The present review further highlights a significant paucity in good quality studies that are available to advise future practice, which has been its chief limitation. The present review identified only one randomised study, which was deemed to have significant bias (Fig. 6). Furthermore, the quality of the observational studies in the present review was also poor when evaluated using the STROBE guidelines, with eight uncharacterised studies (Table 4). Thus, careful interpretation of the present results should be considered. It should be noted that the overall heterogeneity of the pooled results was low with an I2 ranging between 0% and 24% in the case of BTR, continence, and complications (Fig. 3, Fig. 4, Fig. 6, Fig. 7, Fig. 8, Fig. 9). The latter observation dictates that these results could be considered as accurate and further strengthens any results related to the above parameters. On the other hand, a high level of overall heterogeneity was calculated for operative time, EBL, LOS, and use of analgesics, with an I2 value ranging between 71% and 97% (Figs. Fig. 2, Fig. 3, Fig. 4). It should be noted that the I2 can be misleading as the magnitude and directions of the effects may influence its value and the P value from the chi-squared test or the CI may be related to the strength of evidence of heterogeneity. When the P value of the chi-squared and the CI are considered for the operative time, EBL, LOS, and use of analgesics, the results of the pooled analysis can be considered as accurate.

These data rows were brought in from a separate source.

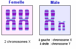 Nous venons de voir que chaque cellule humaine possède 46 chromosomes dont 2 sexuels. Chez la femme, on observe ainsi la combinaison 44+XX, et chez l’homme 44+XY.
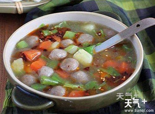 西安肉丸胡辣汤属于回族人的清真食品,主要食材为牛肉丸子、白菜、土豆块、胡萝卜、菜花、莲花白、西葫芦等烩制而成。肉丸胡辣汤是西安“最受欢迎”的早餐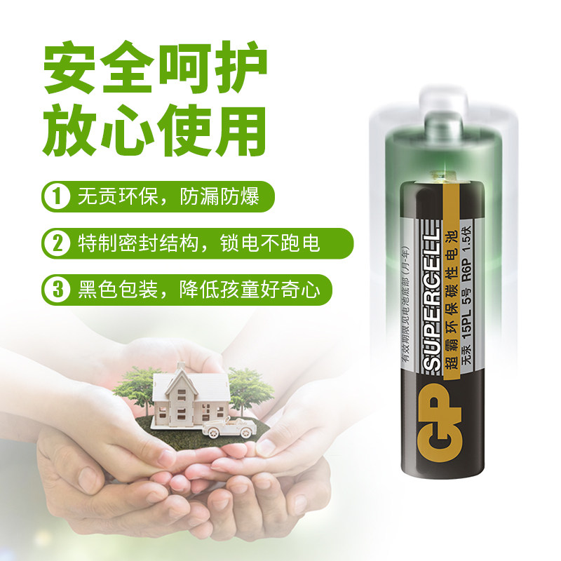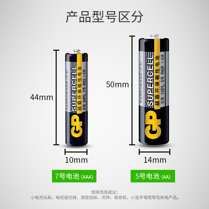 GP超霸5号7号高性能碳性电池1.5V无汞环保五号七号干电池大全空调电视遥控器鼠标键盘闹钟挂钟耐用40粒

Another issue addressed in the present review is the lack of standardised surgical outcome and complication reporting that limited the number of studies suitable for meta-analysis. Systematic reviews play an important role in scrutinising and collating available evidence and thus advising future practice. The lack of standardised reporting makes it impossible to meaningfully evaluate all of the available data. In terms of complication reporting, there are a number of grading systems available with the Clavien–Dindo system being the most popular [6]. In the present review, only three studies adopted this system [11], [16], [21]. In an attempt to evaluate more accurately the reported complications, the authors followed the 10 criteria set by the Martin criteria. In the present review the mean number of Martin criteria fulfilled per study was a mere 5.71 [6].

Dahm et al. [31] in a recent review article highlighted some of the issues with performing high quality surgical research. A number of issues, such as equipoise and blinding, have been a significant impediment in the performance of surgical trials. Nevertheless, equipoise is unlikely to be a significant issue when comparing the extraperitoneal and transperitoneal approaches due to both approaches having a reasonable well-proven safety track record. Hence, recruitment failure is unlikely. With regard to blinding, clearly surgeon blinding is not possible. However, patient blinding would be possible in this clinical scenario. Furthermore, the role of prospective, collaborative research in surgical research cannot be emphasised more. The Idea, Development, Exploration, Assessment, Long-term study (IDEAL) collaboration framework advised a staged approach [32]. The latter study recommended the initiation of any surgical research with prospective collaborative studies in order to evaluate feasibility of future randomised control trials, a strategy ideal for comparing trans- and extraperitoneal approaches in MIRP.

Conclusions

The present review suggests that the extraperitoneal approach is associated with a shorter LOS, lower overall complication rate, and earlier return to continence when compared to the transperitoneal approach. Transperitoneal approaches are associated with lower rates of lymphocele formation. The present review also highlights the paucity of high-quality evidence available in this area and poor outcome and complication reporting in the literature. There is a need for consensus amongst the academic and clinical urological community to form standardised outcomes to which all reporting literature should adhere.